:: Instructions for the task ::
With the images left out, print every entry that follows exactly.

[Recorded data]

.....

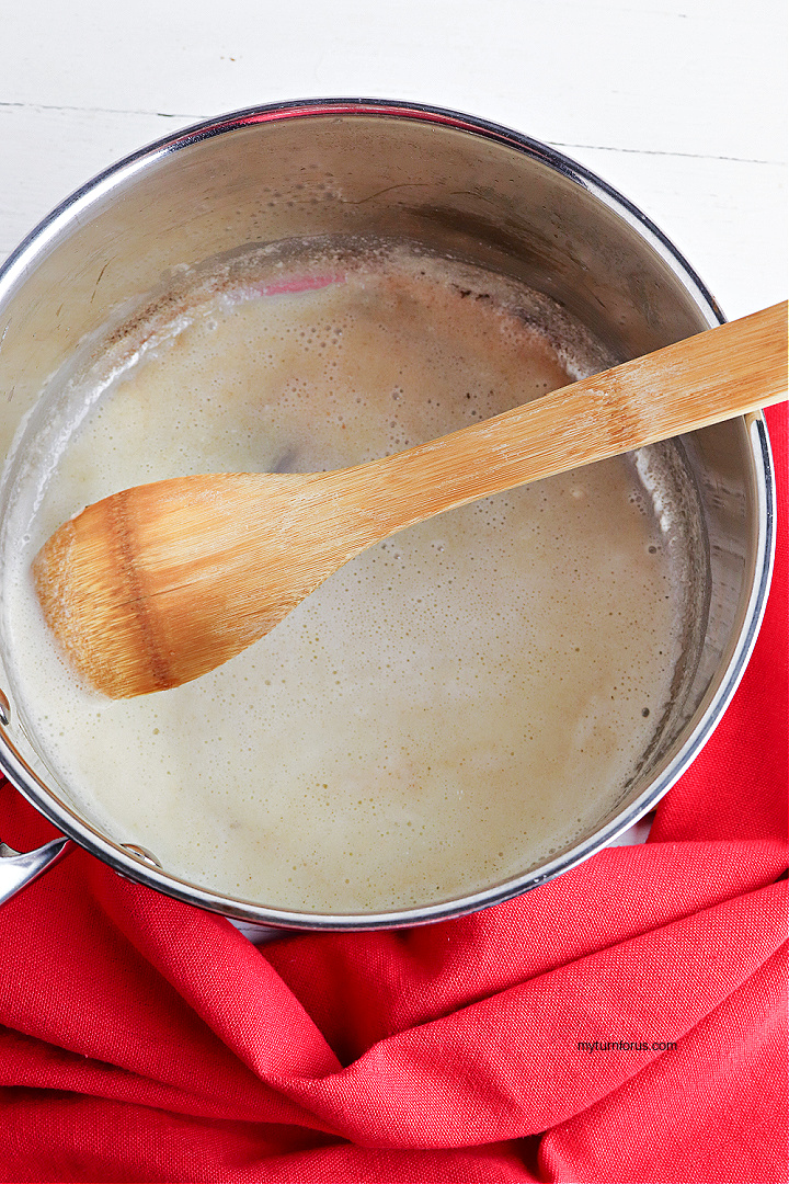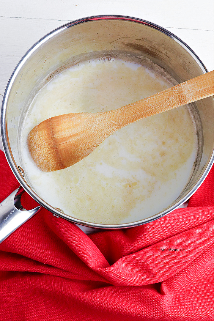 - Gradually pour the milk into the saucepan while whisking constantly to keep the mixture smooth. Bring it to a gentle boil over medium heat, then continue cooking and stirring for about 3 minutes until the sauce has noticeably thickened and coats the back of a spoon.
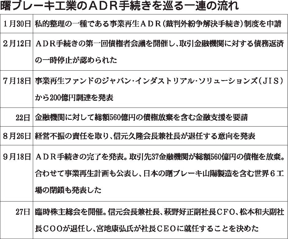 曙ブレーキ工業が27日に臨時株主総会を開催し、約30年間トップだった信元久隆会長兼社長が退任することが正式に決まった。北米事業の不振で経営が傾き、今年1月末に私的整理の一種である事業再生ADR(裁判外紛争解決手続き)制度を申請。事業再生フ...
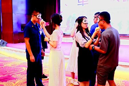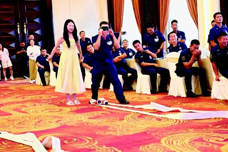 现场的“男女战服穿速赛”将活动推向了高潮。男士比拼消防服穿戴速度与规范度后,女士接力挑战,消防员则在一旁暖心提示穿戴技巧。“硬汉支撑·甜心叠杯大挑战”中,男士以俯卧撑姿态做支撑,女士在其背上叠放纸杯,最终凭数量决胜负,活动中既有角逐,又有互相鼓励,现场温情满满。“蒙眼赴约,喂蕉识缘”环节趣味十足。男女嘉宾进行分组后,男士蒙眼转圈后凭直觉寻找搭档,女士则手持香蕉投喂给男士。嘉宾们在摸索中靠近,偶尔的“错认”引发现场阵阵欢笑声。
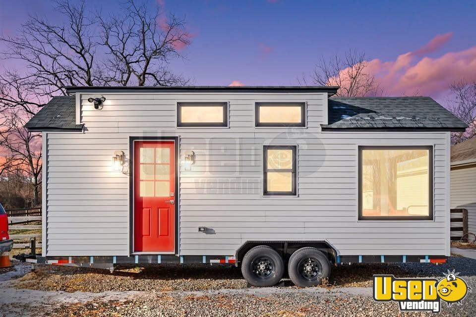 Built on an 8' x 24' trailer in excellent condition, the home is securely attached using structural rods drilled through the trailer frame and double Loctite-nutted, with Simpson structural ties used throughout. Ice and water shield was installed beneath the roof for added protection.
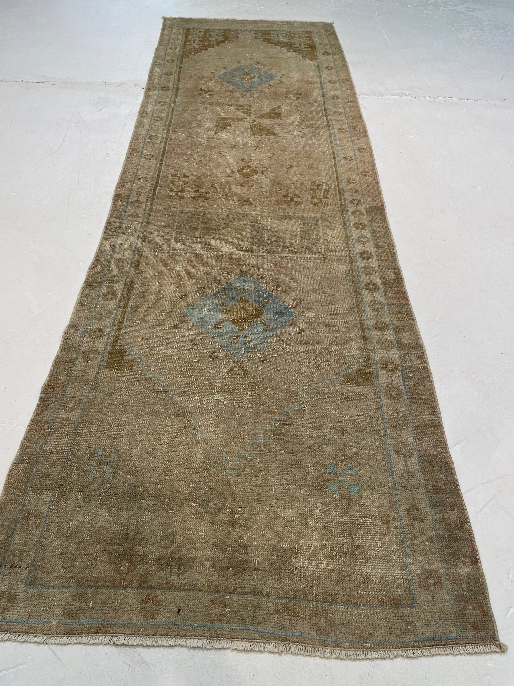 Hand-Knotted Wool Runner Turkish Oushak 2'11" x 9'6"

.....

:: Task result ::
 - Gradually pour the milk into the saucepan while whisking constantly to keep the mixture smooth. Bring it to a gentle boil over medium heat, then continue cooking and stirring for about 3 minutes until the sauce has noticeably thickened and coats the back of a spoon.
 曙ブレーキ工業が27日に臨時株主総会を開催し、約30年間トップだった信元久隆会長兼社長が退任することが正式に決まった。北米事業の不振で経営が傾き、今年1月末に私的整理の一種である事業再生ADR(裁判外紛争解決手続き)制度を申請。事業再生フ...
 现场的“男女战服穿速赛”将活动推向了高潮。男士比拼消防服穿戴速度与规范度后,女士接力挑战,消防员则在一旁暖心提示穿戴技巧。“硬汉支撑·甜心叠杯大挑战”中,男士以俯卧撑姿态做支撑,女士在其背上叠放纸杯,最终凭数量决胜负,活动中既有角逐,又有互相鼓励,现场温情满满。“蒙眼赴约,喂蕉识缘”环节趣味十足。男女嘉宾进行分组后,男士蒙眼转圈后凭直觉寻找搭档,女士则手持香蕉投喂给男士。嘉宾们在摸索中靠近,偶尔的“错认”引发现场阵阵欢笑声。
 Built on an 8' x 24' trailer in excellent condition, the home is securely attached using structural rods drilled through the trailer frame and double Loctite-nutted, with Simpson structural ties used throughout. Ice and water shield was installed beneath the roof for added protection.
 Hand-Knotted Wool Runner Turkish Oushak 2'11" x 9'6"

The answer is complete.